From the listing below, please restate exactly the lines beginning at the one with "ボート乗り場は2か所あります" and ending at the one with "Есть павильоны в", both included, and skip the pictures.

Segment Start: Data extracts

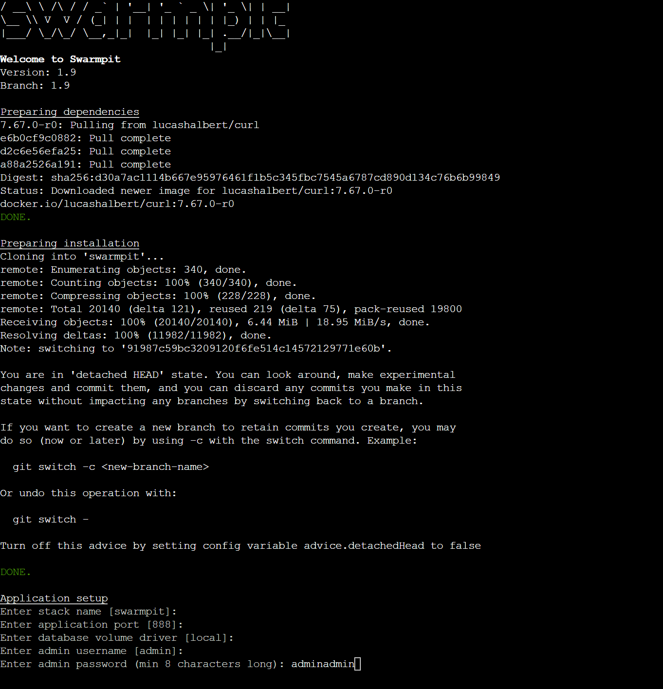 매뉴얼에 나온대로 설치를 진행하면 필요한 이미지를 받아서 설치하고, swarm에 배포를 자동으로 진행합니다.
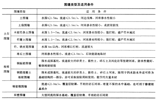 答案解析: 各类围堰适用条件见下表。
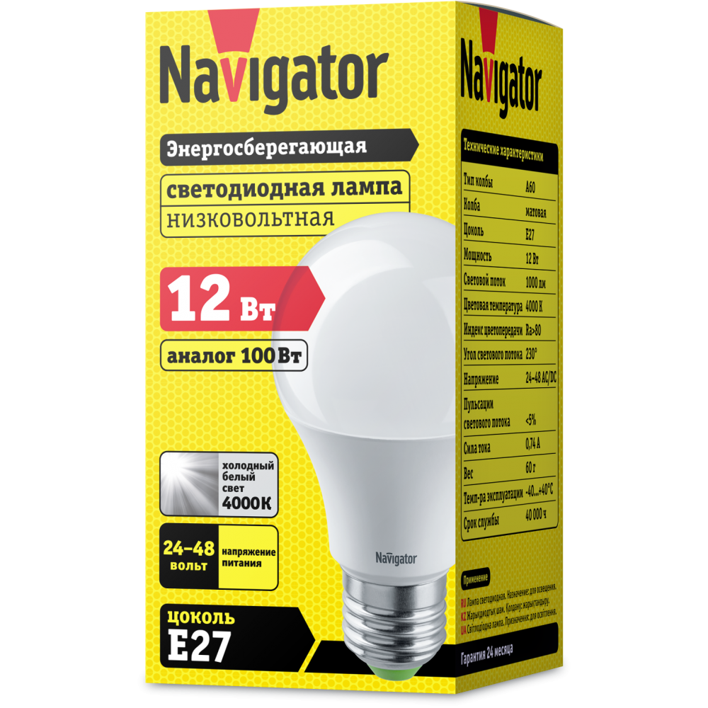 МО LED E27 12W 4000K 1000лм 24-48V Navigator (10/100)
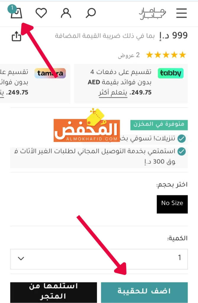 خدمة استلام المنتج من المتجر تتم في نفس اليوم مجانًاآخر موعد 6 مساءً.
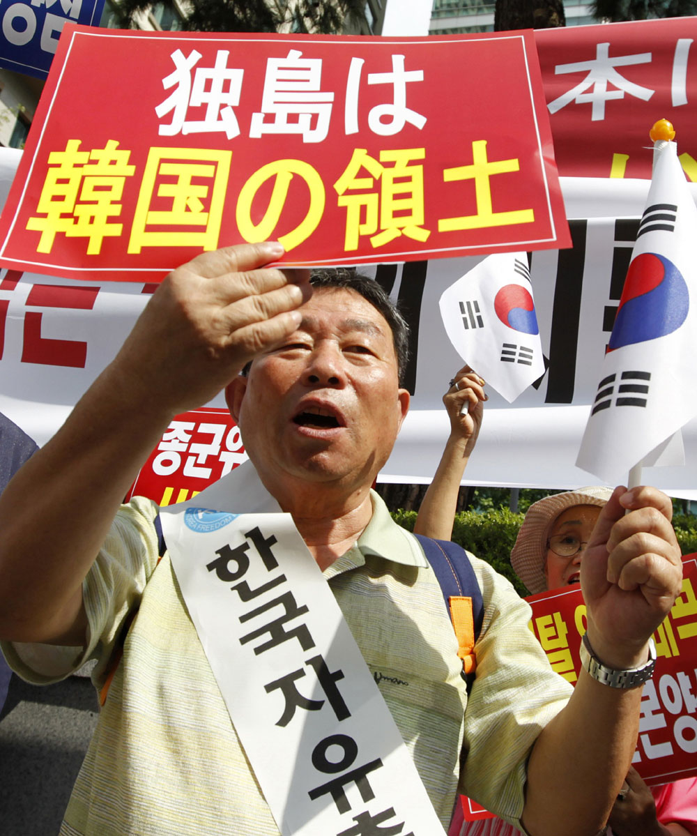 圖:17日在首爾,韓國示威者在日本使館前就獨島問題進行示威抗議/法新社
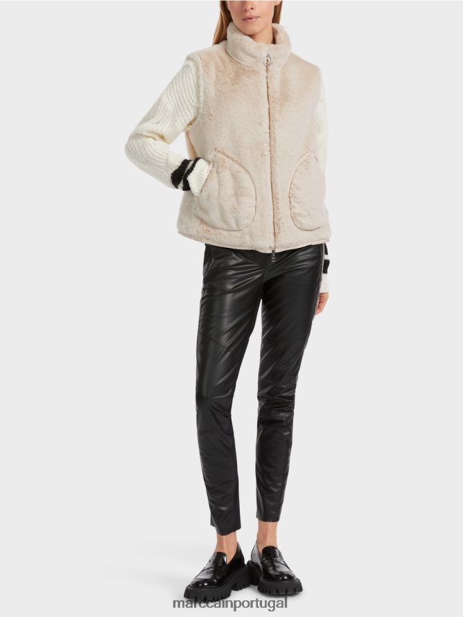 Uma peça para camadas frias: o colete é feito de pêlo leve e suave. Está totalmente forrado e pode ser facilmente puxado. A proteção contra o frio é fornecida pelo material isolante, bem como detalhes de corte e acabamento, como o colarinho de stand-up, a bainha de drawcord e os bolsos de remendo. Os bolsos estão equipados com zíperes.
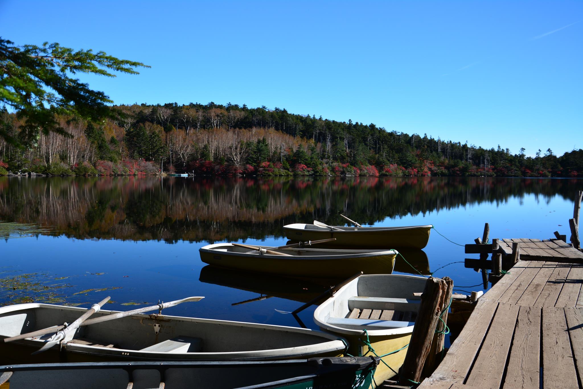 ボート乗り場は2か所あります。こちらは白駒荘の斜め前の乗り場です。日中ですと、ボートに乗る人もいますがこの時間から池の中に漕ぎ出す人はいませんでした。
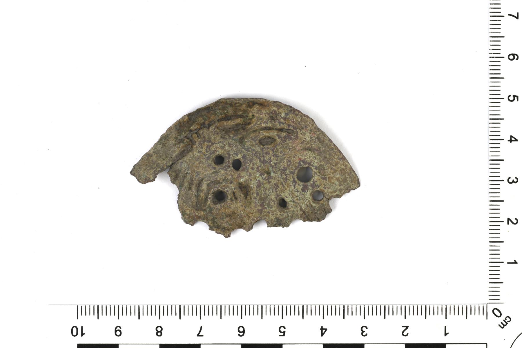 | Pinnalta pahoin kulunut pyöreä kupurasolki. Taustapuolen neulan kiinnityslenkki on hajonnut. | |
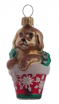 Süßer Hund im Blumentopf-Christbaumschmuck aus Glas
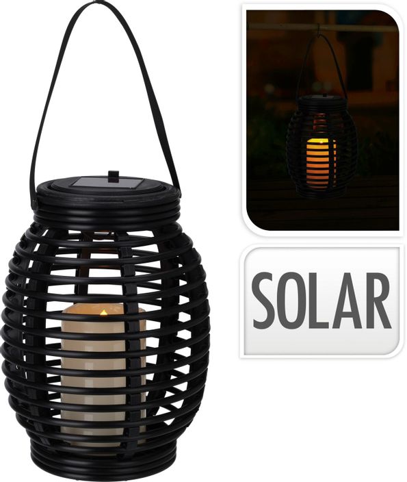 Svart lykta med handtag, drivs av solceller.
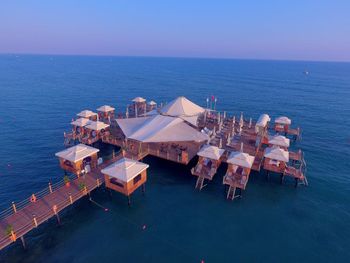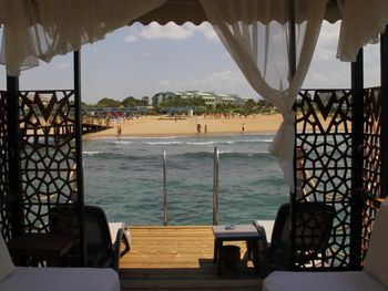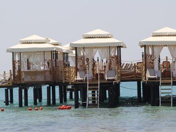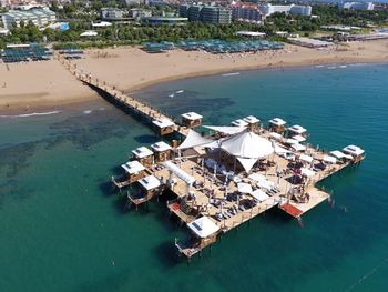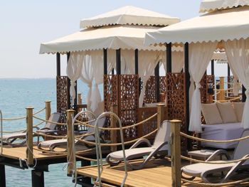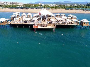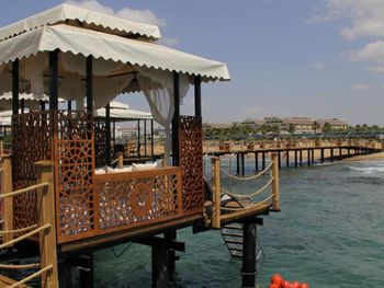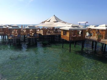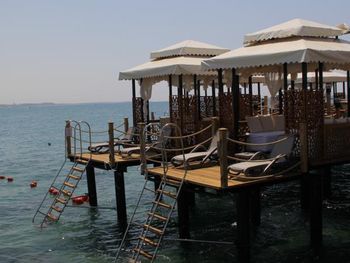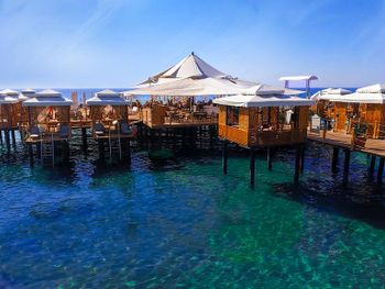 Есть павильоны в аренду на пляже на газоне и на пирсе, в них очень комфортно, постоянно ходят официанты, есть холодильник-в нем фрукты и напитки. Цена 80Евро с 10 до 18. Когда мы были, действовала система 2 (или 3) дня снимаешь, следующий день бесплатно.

Segment End: Data extracts
Segment Start: Data extracts

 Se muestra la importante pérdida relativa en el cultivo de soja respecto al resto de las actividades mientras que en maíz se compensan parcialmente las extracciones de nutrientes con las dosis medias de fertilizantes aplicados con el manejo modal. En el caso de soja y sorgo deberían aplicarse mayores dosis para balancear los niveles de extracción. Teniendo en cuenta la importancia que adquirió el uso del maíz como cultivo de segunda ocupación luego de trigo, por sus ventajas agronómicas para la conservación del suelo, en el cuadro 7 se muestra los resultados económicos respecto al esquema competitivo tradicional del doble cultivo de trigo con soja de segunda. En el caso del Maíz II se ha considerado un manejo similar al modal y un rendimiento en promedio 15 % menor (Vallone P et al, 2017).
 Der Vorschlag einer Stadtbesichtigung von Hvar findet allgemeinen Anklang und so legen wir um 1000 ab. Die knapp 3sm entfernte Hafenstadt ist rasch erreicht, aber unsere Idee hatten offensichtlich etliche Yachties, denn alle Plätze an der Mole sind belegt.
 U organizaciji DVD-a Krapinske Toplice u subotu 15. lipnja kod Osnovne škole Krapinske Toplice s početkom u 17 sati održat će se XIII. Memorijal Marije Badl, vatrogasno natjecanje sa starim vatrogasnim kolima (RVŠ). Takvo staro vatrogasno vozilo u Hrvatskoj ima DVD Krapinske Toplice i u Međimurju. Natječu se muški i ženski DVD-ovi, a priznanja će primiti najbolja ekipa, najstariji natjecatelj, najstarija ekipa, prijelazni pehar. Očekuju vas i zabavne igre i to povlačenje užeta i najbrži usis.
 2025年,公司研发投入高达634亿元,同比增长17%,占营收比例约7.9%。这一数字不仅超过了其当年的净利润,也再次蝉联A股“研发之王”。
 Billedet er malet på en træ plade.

Segment End: Data extracts

:: Expected output ::
 ボート乗り場は2か所あります。こちらは白駒荘の斜め前の乗り場です。日中ですと、ボートに乗る人もいますがこの時間から池の中に漕ぎ出す人はいませんでした。
 | Pinnalta pahoin kulunut pyöreä kupurasolki. Taustapuolen neulan kiinnityslenkki on hajonnut. | |
 Süßer Hund im Blumentopf-Christbaumschmuck aus Glas
 Svart lykta med handtag, drivs av solceller.
 Есть павильоны в аренду на пляже на газоне и на пирсе, в них очень комфортно, постоянно ходят официанты, есть холодильник-в нем фрукты и напитки. Цена 80Евро с 10 до 18. Когда мы были, действовала система 2 (или 3) дня снимаешь, следующий день бесплатно.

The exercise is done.